A Spot for Selling

By Irina Echarry

CANDY SELLER, photo: Caridad
CANDY SELLER, photo: Caridad

At first I thought that they had trapped a pickpocket; then it seemed to me that perhaps the woman was shrieking at one of those people who take advantage of any uproar to touch us where they enjoy it most.

I found my place at the end of the line, and for lack of anything better to do while waiting for the bus to arrive, I searched out an advantageous spot to find out why the woman was screaming.

She was a small woman of about 50, carrying a large bag and holding 6 or 7 paper cones in her left hand.

She was shaking this same hand in the face of a man of about the same age who was sitting on one of the two benches of the bus stop, also holding a bag, (smaller). His hand was also full, but in this case of mint candies, a kind which, according to the woman, “they make with toothpaste, because where else are they going to get so much mint flavoring.”

The woman was screaming and brandishing her paper cones like swords. The man barely looked at her. He was serving one and another customer, and from time to time he counted the remaining sweets.

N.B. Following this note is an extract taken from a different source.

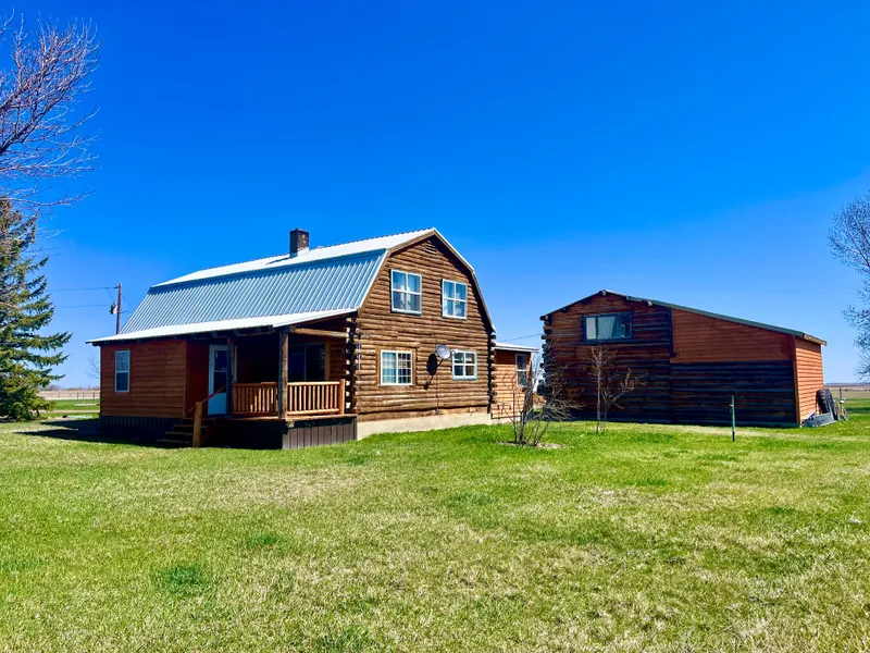 A log-style residence sits on the peaceful plains of central Montana, where they converge with the rugged Rocky Mountain Front. This immaculate home offers breathtaking views of the snowcapped mountains, visible from its porches and expansive windows. Boasting three bedrooms and three bathrooms, the cabin features an open main floor designed around a charming wood stove. Spanning 1,764 square feet on a 2-acre plot, the property includes a detached garage and a historic cabin with potential for renovation, ideal for use as a vacation rental or for historical preservation. Enclosed by a perimeter fence, the land invites residents to bring their horses, pets, or other animals, embracing a tranquil rural lifestyle in Montana. For those with an adventurous spirit, the Teton River flows just south of the property, while numerous reservoirs and lakes in proximity offer opportunities for fishing and boating. The majestic Bob Marshall Wilderness envelops the Rocky Mountain Front, providing a haven of unspoiled wilderness. Whether seeking a memorable hunting experience or scenic drives along gravel backroads, this property offers a gateway to a life of natural splendor and outdoor pursuits.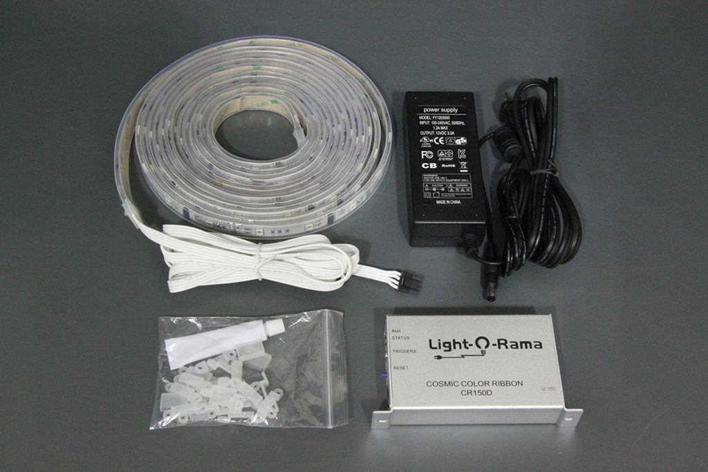 Light-O-Ramaのコスミックカラーリボン(CCR)のテープライト本体+専用コントローラ+AC/DCアダプタ(36W)一式をセットにした商品です。

As soon as I found out the cause of her impassioned monologue I opted to side with her. The woman paid the State for a license to sell a product in the street, and this bus stop was the point that she had chosen. That is, up until the arrival of the sweets vendor, who – as anyone could guess – had bought no license.

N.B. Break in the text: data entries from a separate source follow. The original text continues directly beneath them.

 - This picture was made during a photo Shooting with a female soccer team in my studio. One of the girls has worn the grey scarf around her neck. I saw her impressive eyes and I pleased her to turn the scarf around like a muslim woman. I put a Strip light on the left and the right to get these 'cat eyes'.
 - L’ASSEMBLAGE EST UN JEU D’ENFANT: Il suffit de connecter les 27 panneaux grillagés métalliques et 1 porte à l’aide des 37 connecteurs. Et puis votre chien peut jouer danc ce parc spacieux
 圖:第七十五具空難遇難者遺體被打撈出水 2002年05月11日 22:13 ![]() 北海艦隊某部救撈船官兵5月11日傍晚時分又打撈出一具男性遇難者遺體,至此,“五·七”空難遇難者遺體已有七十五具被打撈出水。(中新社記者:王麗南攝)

But immediately afterwards I decided that it was better not to judge, not to be on anyone’s side, but merely to listen during the time it took for the bus to come.

– “Yesterday I spend all day getting an electrocardiogram and I couldn’t go out to sell. Today you come here, and everyone buys from you. You go home early to be with your little woman, and I have to stay until I sell this because I have to pay the State, and you don’t. Get out of here! Get out!”

– “But they’re not giving out any more licenses. I want to get one and they’re not issuing them…”

The man responded in a very low voice, like a child who is afraid that the screams will draw the teacher’s attention. In this case, it was the police he was worried about.

A police presence was what the woman most deeply desired. Luckily for the man, they are fairly scarce around the bus stops.

– “But you’re selling popcorn.” (He again responded in a very quiet voice after selling another candy to a student.)

– “But if you’re here everyone is going to want sweets and not popcorn!”

The woman’s reasoning took the form of a menacing and desperate pleading. With the last of her screams a customer approached her, one of those cheerful people who so frequently appear wherever there is an unfortunate soul who is publicly and aggressively displaying their anguish.

– “Okay, don’t fight any more and sell me a popcorn.”

The vendor, absurdly indignant, turned her back and walked off, “punishing” him by forcing him to eat sweets if he wanted to eat something.

I imagine that the woman was a vendor no more for the rest of that day. Surely she went off to take some pill, saving the popcorn for the next day when she felt better; when she wouldn’t have to face the “competition” of the sweets’ seller. Stale popcorn. Popcorn packaged in paper loses its freshness in just a few hours.

That was the least of it. The sweets cost 1 peso, the popcorn 2. But that wasn’t the problem either.

Why was she so determined to be the only person selling at the bus stop. You can’t have two choices in the same place? Have we gotten used to things being this way?

At any rate I’ve seen similar fights for other strategic selling locations. It always brings out one of the worst characteristics of some Cubans: “they can’t live or let live,” or worse, some would prefer to lose an eye in order to see someone else go blind. And I’m not only talking about autonomous street vendors.

One thought on “A Spot for Selling

  • As long as scarcity remains in Cuba, people will fight over resources. Any resources. The only solution to these problems is development — which of course is very, very slow in coming under your political-economic conditions of low-intensity siege. My heart aches for you people, truly. You deserve better. We all deserve better. If only people didn’t have to struggle with each other to simply feed, clothe and house themselves.